3 June
1853 A.D. Famous Egyptologist,
Sir Flinders Petrie, Born. Biblical
studies prompt his work. Wiki tells some
of the story.
Sir William Matthew
Flinders Petrie, FRS[2] (3 June
1853 – 28 July 1942), commonly known as Flinders Petrie, was an
English Egyptologist and a pioneer of
systematic methodology in archaeology and preservation of artefacts. He held the first chair of Egyptology in
the United Kingdom, and excavated many of the most important archaeological
sites in Egypt. Some consider his most famous discovery to be that of the Merneptah
Stele,[3] an opinion with
which Petrie himself concurred.[4] Petrie developed
the system of dating layers based on pottery and ceramic findings.[5]
Contents
Biography
William Matthew Flinders Petrie was
born in Maryon Road, Charlton, Kent, England, the son of William Petrie (1821–1908) and Anne (née Flinders
(1812–1892). Anne was the daughter of Captain Matthew
Flinders, surveyor of the Australian coastline, spoke six languages and was an Egyptologist. William Petrie was
an electrical engineer who developed carbon arc lighting and later developed
chemical processes for Johnson,
Matthey & Co.[6]
Flinders was raised in a Christian household (his father being Plymouth
Brethren), and was educated at home. He had no formal education.

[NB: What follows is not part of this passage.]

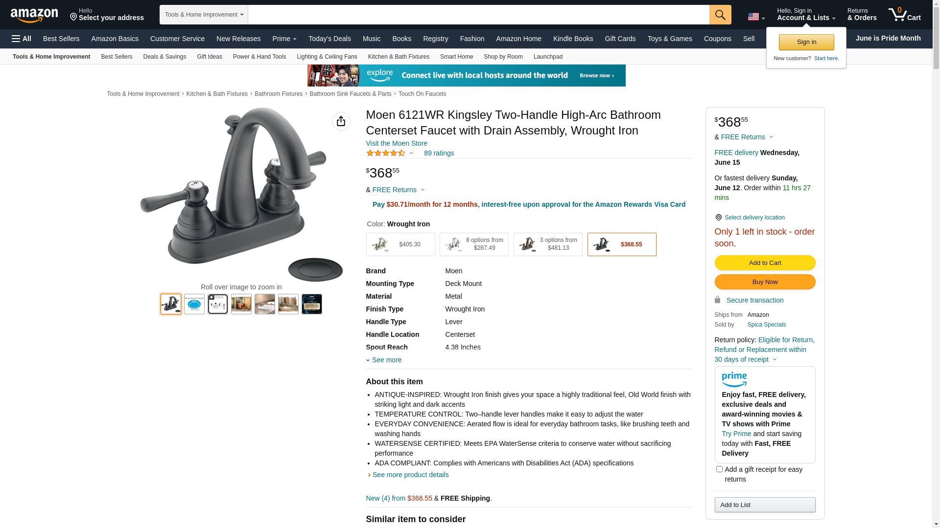 Moen 6121WR Kingsley Two-Handle High-Arc Bathroom Centerset Faucet with Drain Assembly, Wrought Iron

His father taught his son how to survey accurately, laying the foundation for
his archaeological career. At the age of eight, he was tutored in French,
Latin, and Greek, until he had a collapse and was taught at home. He also
ventured his first archaeological opinion aged eight, when friends visiting the
Petrie family were describing the unearthing of the Brading Roman Villa in the Isle of Wight. The boy was horrified to hear the rough shovelling
out of the contents, and protested that the earth should be pared away, inch by
inch, to see all that was in it and how it lay.[7] "All that I
have done since," he wrote when he was in his late seventies, "was
there to begin with, so true it is that we can only develop what is born in the
mind. I was already in archaeology by nature."[8]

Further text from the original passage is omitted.